Repository files navigation

OLCS Python API

Multi-tenant library catalog service backed by Open Library. FastAPI + SQLAlchemy 2.0 async + SQLite + Huey.

Architecture

┌─────────────┐     ┌──────────────┐     ┌──────────────┐
│   FastAPI    │────▶│  SQLAlchemy  │────▶│   SQLite DB  │
│  (uvicorn)   │     │   async      │     │              │
└──────┬───────┘     └──────────────┘     └──────────────┘
       │
       │ HTTP
       ▼
┌──────────────┐
│ Open Library  │
│    API        │
└──────────────┘

┌──────────────┐     ┌──────────────┐     ┌──────────────┐
│    Huey      │────▶│  SQLAlchemy  │────▶│   SQLite DB  │
│  (consumer)  │     │   sync        │     │  (shared)    │
└──────────────┘     └──────────────┘     └──────────────┘

Key Design Decisions

  • Multi-tenancy: Every table has a tenant_id FK. All endpoints are scoped under /tenants/{slug}/.... Tenant slugs are validated as lowercase alphanumeric with hyphens.
  • PII-safe storage: Patron emails are HMAC-SHA256 hashed (deterministic for dedup), names are SHA-256 hashed (one-way), and emails are masked for display (j***@example.com). No plaintext PII is ever stored or returned.
  • Versioned books: Re-ingesting the same work creates a new BookVersion record instead of overwriting. A diff endpoint shows what changed between versions.
  • Rate limiting: Fixed-window per-tenant rate limits — 60 req/min for API endpoints, 10 req/hour for ingestion. Returns 429 with Retry-After header.
  • Background ingestion: Huey task queue handles Open Library API calls asynchronously. Jobs track status (pending → running → completed/failed).
  • Scheduled re-sync: A Huey periodic task re-ingests all previously ingested queries every 6 hours (configurable via RE_SYNC_INTERVAL_HOURS).

Setup

# Clone and install
git clone https://github.com/jhult/olcs-python-api.git
cd olcs-python-api
uv sync

# Create the database and run migrations
uv run alembic upgrade head

# Create a tenant
uv run python scripts/create_tenant.py --name "My Library" --slug my-library

Run

# Start the API server
uv run uvicorn olcs.main:app --reload

# Start the Huey consumer (for background ingestion)
uv run huey_consumer olcs.huey_config.huey

The API server runs on http://localhost:8000 by default. Interactive docs at http://localhost:8000/docs.

OpenAPI Schema

FastAPI auto-generates an OpenAPI schema.
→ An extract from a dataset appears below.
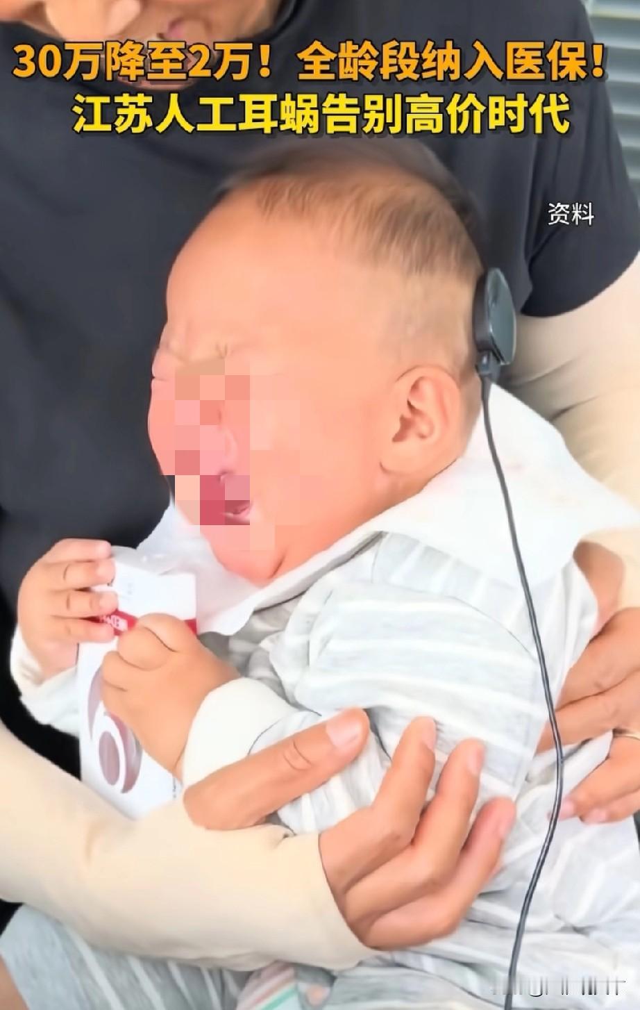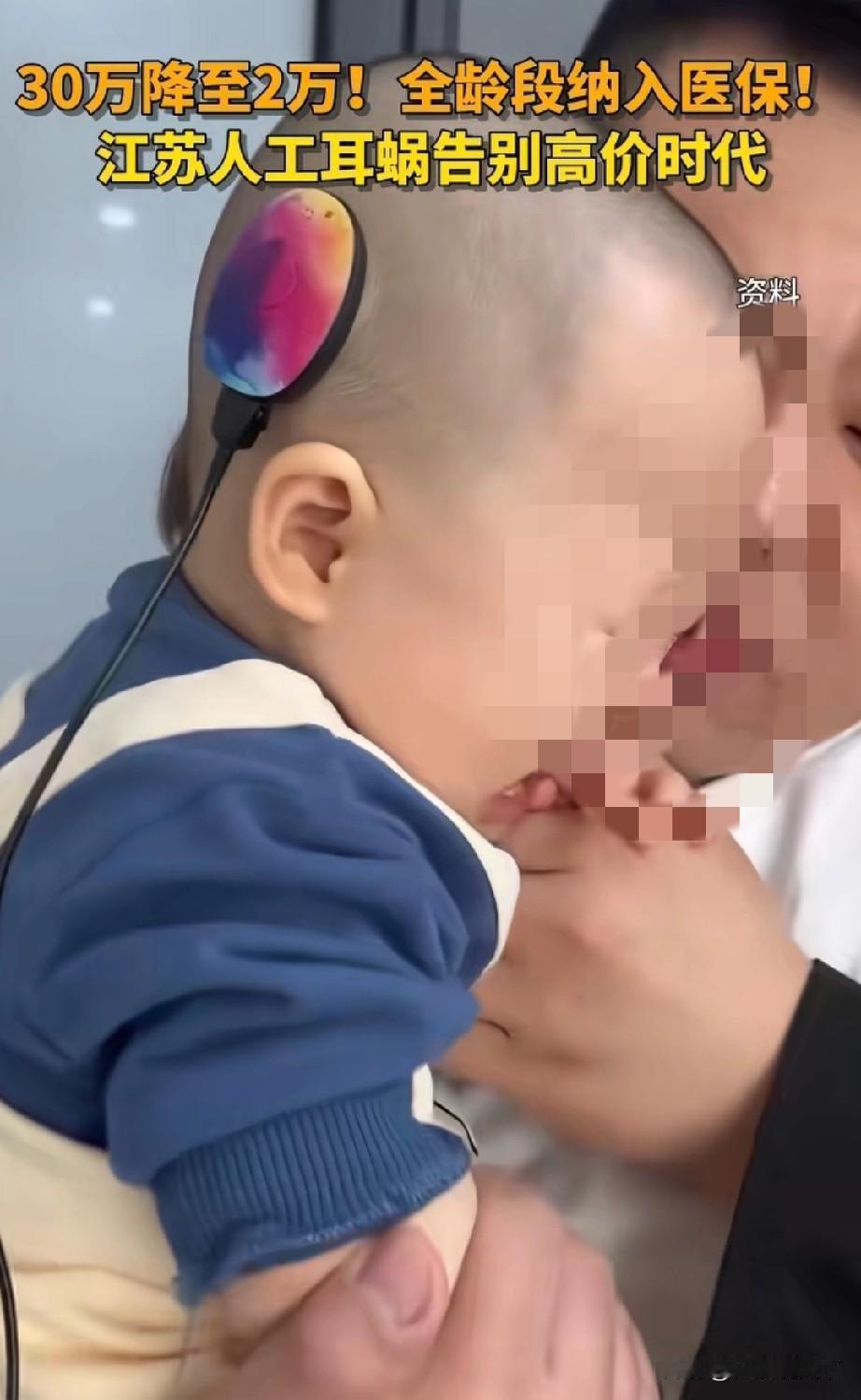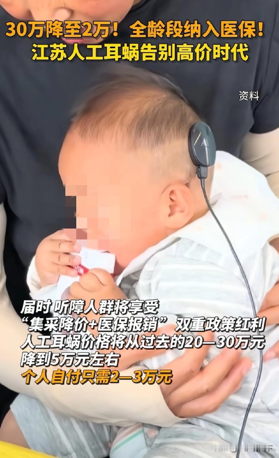 江苏省的这项政策,应该会让很多失聪孩童家长泪流满面 新华日报,南通广播电视台等媒体的报道,让很多人非常感慨,江苏省医保局出台规定,今年12月1号开始,人工耳蜗纳入医保支付范围,30万元降为2万元,全年龄段纳入医保,个人支付只需要2-3万元。 这个新闻,失聪孩童的家长们应该会泪流满面,毕竟孩子可以倾听到世界的声音,这是多么美好的事情。 每个孩子都有平等享受美好的权力,但是失聪孩童的世界,一直都是无声的,高价人工耳蜗,通过医保报销后,普通老百姓家庭可以接受的价格,对于一个家庭来说,简直就是天大的喜事。人工耳蜗费用 耳蜗手术政策
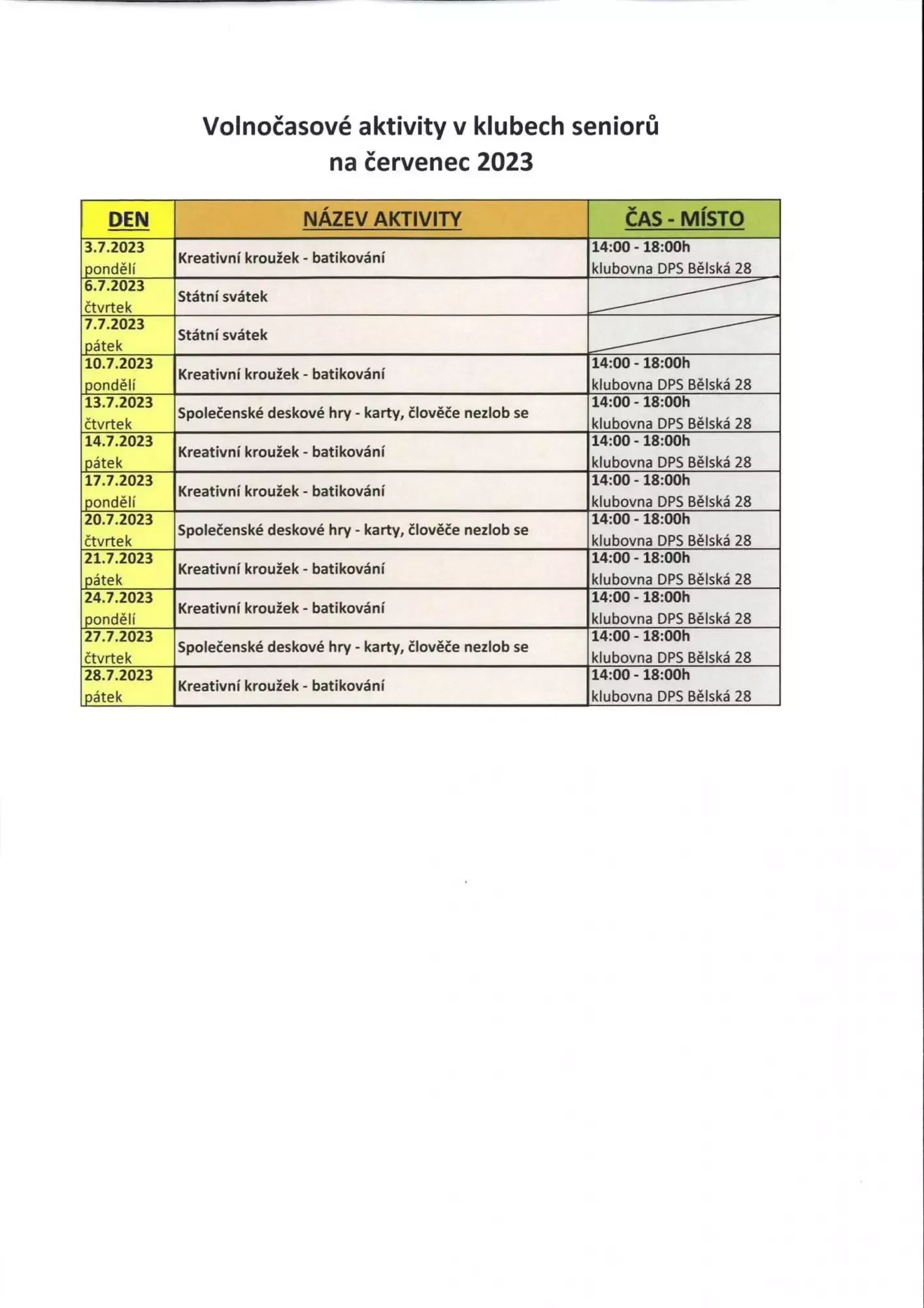 Volnočasové aktivity pro měsíc červenec 2023 v DPS Bělská 28.

With the server running:

curl http://localhost:8000/openapi.json

Or without starting the server:

from olcs.main import app
import json
print(json.dumps(app.openapi(), indent=2))

API Reference

All tenant-scoped endpoints use the prefix /tenants/{slug}/.... Replace {slug} with your tenant's slug.

Health

# Health check (includes DB connectivity check)
curl http://localhost:8000/health

# Service info
curl http://localhost:8000/

Tenants

# Create a tenant
curl -X POST http://localhost:8000/tenants/ \
  -H 'Content-Type: application/json' \
  -d '{"name": "Springfield Library", "slug": "springfield"}'

# List tenants
curl http://localhost:8000/tenants/

# Get a tenant
curl http://localhost:8000/tenants/springfield

Books

# List books (paginated)
curl http://localhost:8000/tenants/springfield/books/

# Search books (min 2 characters)
curl http://localhost:8000/tenants/springfield/books/search?q=tolkien

# Get book detail with version history
curl http://localhost:8000/tenants/springfield/books/{book_id}

# Get version diff
curl http://localhost:8000/tenants/springfield/books/{book_id}/versions/{v1_id}/diff/{v2_id}

Ingestion

# Start ingestion by author
curl -X POST http://localhost:8000/tenants/springfield/ingestion/ \
  -H 'Content-Type: application/json' \
  -d '{"query": "author:Tolkien"}'

# Start ingestion by subject
curl -X POST http://localhost:8000/tenants/springfield/ingestion/ \
  -H 'Content-Type: application/json' \
  -d '{"query": "subject:fantasy"}'

# Start ingestion by OL keys
curl -X POST http://localhost:8000/tenants/springfield/ingestion/ \
  -H 'Content-Type: application/json' \
  -d '{"open_library_keys": ["/works/OL18295W"]}'

# List ingestion jobs
curl http://localhost:8000/tenants/springfield/ingestion/jobs

# Get a specific job
curl http://localhost:8000/tenants/springfield/ingestion/jobs/{job_id}

# List ingestion logs
curl http://localhost:8000/tenants/springfield/ingestion/logs

# Check re-sync status
curl http://localhost:8000/tenants/springfield/ingestion/resync

Submissions (Reading Lists)

# Submit a reading list with an OL key
curl -X POST http://localhost:8000/tenants/springfield/submissions/ \
  -H 'Content-Type: application/json' \
  -d '{
    "email": "reader@example.com",
    "name": "Jane Doe",
    "books": [{"open_library_key": "OL18295W"}]
  }'

# Submit with an ISBN
curl -X POST http://localhost:8000/tenants/springfield/submissions/ \
  -H 'Content-Type: application/json' \
  -d '{
    "email": "reader@example.com",
    "name": "Jane Doe",
    "books": [{"isbn": "9780618640157"}]
  }'

# Submit with mixed identifiers (1-50 books)
curl -X POST http://localhost:8000/tenants/springfield/submissions/ \
  -H 'Content-Type: application/json' \
  -d '{
    "email": "reader@example.com",
    "name": "Jane Doe",
    "books": [
      {"open_library_key": "OL18295W"},
      {"isbn": "9780618640157"}
    ]
  }'

# List submissions (no plaintext PII in responses)
curl http://localhost:8000/tenants/springfield/submissions/

Rate Limits

# Check rate limit usage (API and ingestion)
curl http://localhost:8000/tenants/springfield/rate-limits/

Response shows both API (60/min) and ingestion (10/hour) limits with window start/end times.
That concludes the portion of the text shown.